Saturday, February 15, 2014

Two Patawomecks Lose Their Heads

Jamestown, January 1610
        
         President Percy tries one more time to get food from the Indians. If Powhatan will not give them any, perhaps some other Indians will. Percy dispatches Francis West and “about thirty-six” men to take the Swallow on a long voyage down the James River to Chesapeake Bay, past Point Comfort and Algernon Fort (an outpost Percy named for his father and elder brother). Then the Swallow is to set her course northward up the coast to the Potomac River, where the sometimes-friendly Patawomecks live. But they, like the Indians at Nansemond and the Indians at Werowocomoco, have no food to spare. And if they can spare any, they are not about to give it to foreigners who are trying to take over their land.

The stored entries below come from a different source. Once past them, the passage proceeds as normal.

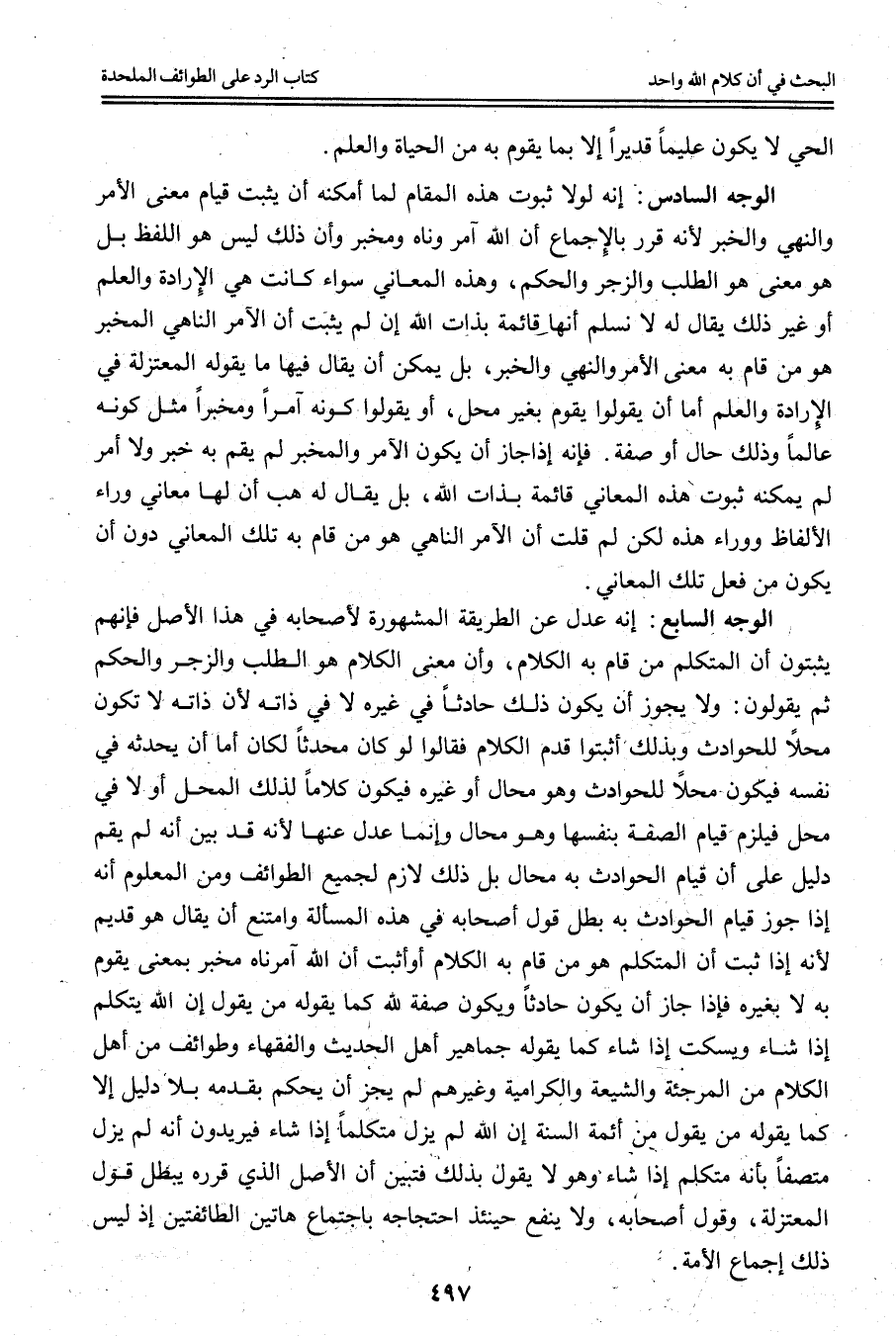 الْوَجْهُ السَّادِسُ: إنَّهُ لَوْلَا ثُبُوتُ هَذَا الْمَقَامِ لَمَا أَمْكَنَهُ أَنْ يُثْبِتَ قِيَامَ مَعْنَى الْأَمْرِ وَالنَّهْيِ وَالْخَبَرِ لِأَنَّهُ قَرَّرَ بِالْإِجْمَاعِ أَنَّ اللَّهَ آمِرٌ وَنَاهٍ وَمُخْبِرٌ وَأَنَّ ذَلِكَ لَيْسَ هُوَ اللَّفْظَ بَلْ هُوَ مَعْنًى هُوَ الطَّلَبُ وَالزَّجْرُ وَالْحُكْمُ، وَهَذِهِ الْمَعَانِي سَوَاءٌ كَانَتْ هِيَ الْإِرَادَةَ وَالْعِلْمَ أَوْ غَيْرَ ذَلِكَ يُقَالُ لَهُ لَا نُسَلِّمُ أَنَّهَا قَائِمَةٌ بِذَاتِ اللَّهِ إنْ لَمْ يَثْبُتْ أَنَّ الْآمِرَ النَّاهِيَ الْمُخْبِرَ هُوَ مَنْ قَامَ بِهِ مَعْنَى الْأَمْرِ وَالنَّهْيِ وَالْخَبَرِ، بَلْ يُمْكِنُ أَنْ يُقَالَ فِيهَا مَا يَقُولُهُ الْمُعْتَزِلَةُ فِي الْإِرَادَةِ وَالْعِلْمِ أَمَّا أَنْ يَقُولُوا يَقُومُ بِغَيْرِ مَحِلٍّ، أَوْ يَقُولُوا كَوْنَهُ آمِرًا وَمُخْبِرًا مِثْلُ كَوْنِهِ عَالِمًا وَذَلِكَ حَالٌ أَوْ صِفَةٌ. فَإِنَّهُ إذَا جَازَ أَنْ يَكُونَ الْآمِرُ وَالْمُخْبِرُ لَمْ يَقُمْ بِهِ خَبَرٌ وَلَا أَمْرٌ لَمْ يُمْكِنْهُ ثُبُوتُ هَذِهِ الْمَعَانِي قَائِمَةً بِذَاتِ اللَّهِ، بَلْ يُقَالُ لَهُ هَبْ أَنَّ لَهَا مَعَانِيَ وَرَاءَ الْأَلْفَاظِ وَوَرَاءَ هَذِهِ لَكِنْ لِمَ قُلْتَ أَنَّ الْآمِرَ النَّاهِيَ هُوَ مَنْ قَامَ بِهِ تِلْكَ الْمَعَانِي دُونَ أَنْ يَكُونَ مَنْ فَعَلَ تِلْكَ الْمَعَانِيَ.
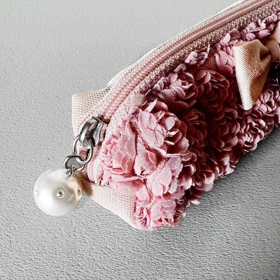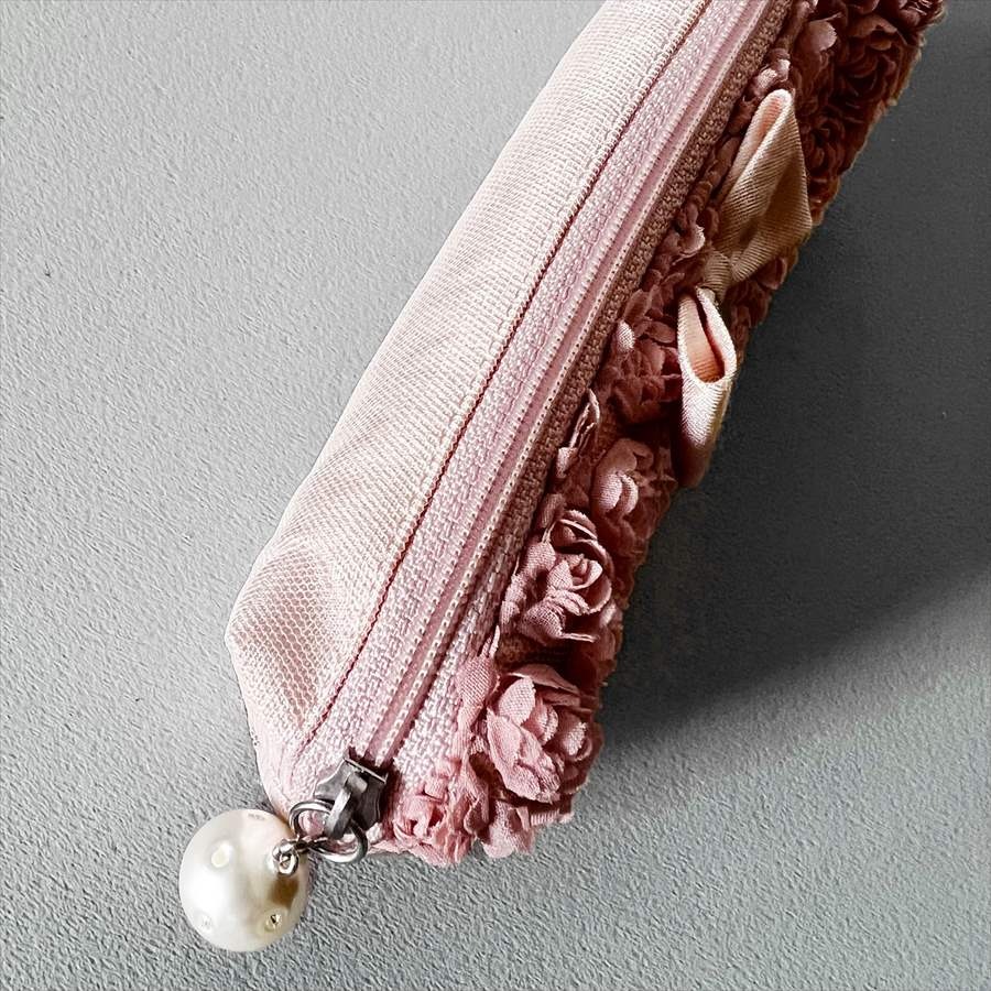 ファスナーには可愛いパールのチャーム付きです。
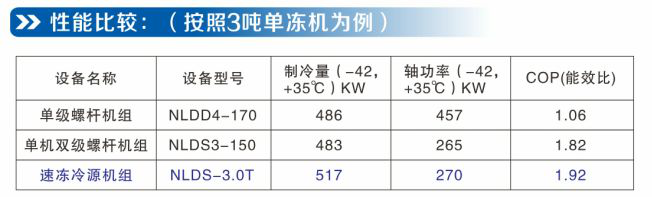 2、正旭速凍冷源機組比單機雙級螵桿機組,降低造價20%以上。為用戶節(jié)約了很大的初期投資成本。
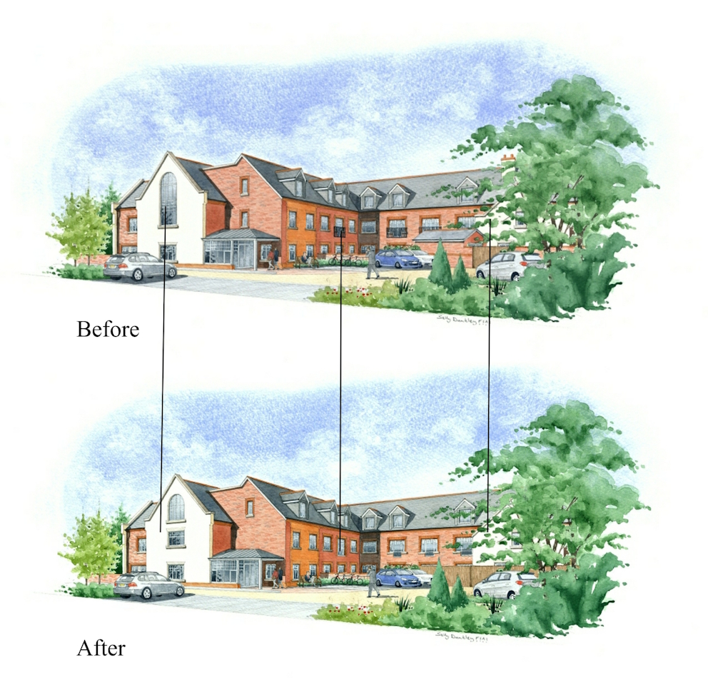 Here are some examples of enhancements to the original drawing, artist impressions created for architects to give an overview of a project. For a larger development, these views give a good overall sense of how the final project will look in its surroundings. At various stages I can offer to include or exclude background houses, alter the length of a verge with or without hedges or trees, add cars or people and so on.
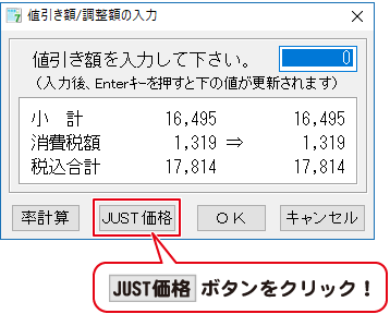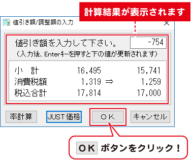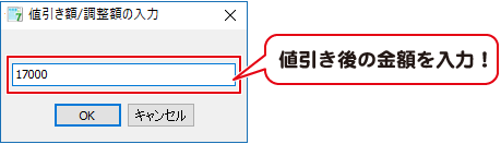 税別合計金額から値引きしたい金額を入力して「Enter」キーを押します。

         (This fact, so obvious in hindsight, apparently never entered the minds of the first Englishmen in Virginia.)
        
        
Twenty-three-year-old Francis West, like George Percy, is a younger son of a titled family. His elder brother, Thomas West, Lord De La Warr, has just been appointed governor of Virginia. Young Francis and his men sail boldly up the Potomac River, and at last they reach the Patawomecks, who are not glad to see them. Miraculously, West persuades them to trade some of their corn for trinkets, probably pieces of copper and glass beads. He loads the Swallow with the precious corn, but before he sets sail, West makes a farewell gesture: he orders his men to cut off “two of the Savages’ heads and other extremeties.”        
        
         Talk about cutting off your nose to spite your face.